Beyond the biases discussed above, the model has various advantages. For instance the model is relatively easy, and it can be evaluated with a relatively small numerical cost. Even though deviations between the experiment and the model prediction are expected, the model can be used for a more general, qualitative comparison. For example, as discussed in Section 3, electrolytes can be studied within a variation of the pH value. Additionally, the software can be used to compare electrolyte mixtures wherein the ratio of $m_L$ to $m_M$ is varied. Additionally, the model can be used to determine possible substitutes for toxic ligands. The last point is of considerable importance in designing, for example, REACH-compliant electrolytes. In those cases, the model will be sufficient.

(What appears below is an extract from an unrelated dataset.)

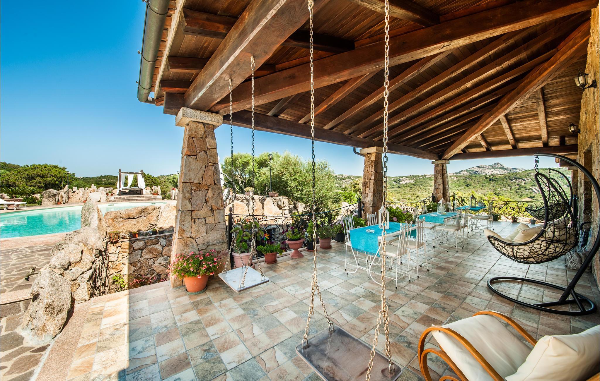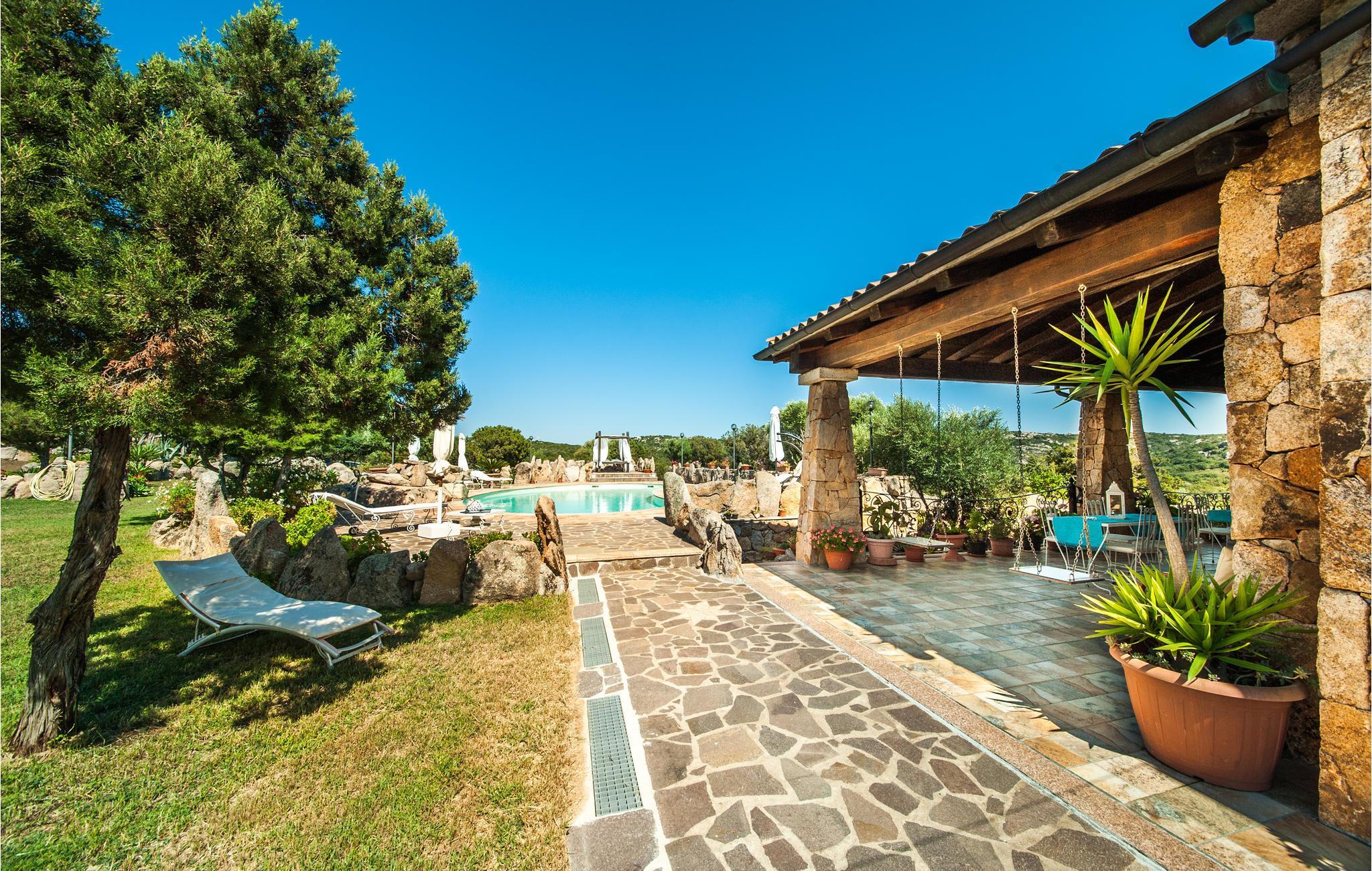 Dieses große Ferienhaus befindet sich ganz in der Nähe der beliebten Ziele in Sardinien "Porto Cervo" "Porto Rotondo" und "La Maddalena" auf einem wunderschönen Naturgrundstück. Das Haus erstreckt sich über zwei Etagen und bietet Platz in 6 Schlafzimmern, 7 Badezimmern und einer Essküche. Mit einem Kamin, Fitnessgeräten, 9 Fernsehern und Nintendo Wii bietet das Haus viele Extras, die den Urlaub angenehm gestalten.

In summary, a model was introduced, which, on the one hand, is highly biased, and has, on the other great value in the comparative development of electrolytes. For the formulation of a quantitative, more precise model, more research is needed. The simplest approach to defining such a model is to extend the model to a geometrically and specifically known setup, such as the description of the complete cell, only considering the distance from anode and cathode as the important geometrical feature. This geometrical adjustment needs the inclusion of migration and further reactions assumed to be not in thermodynamic equilibrium.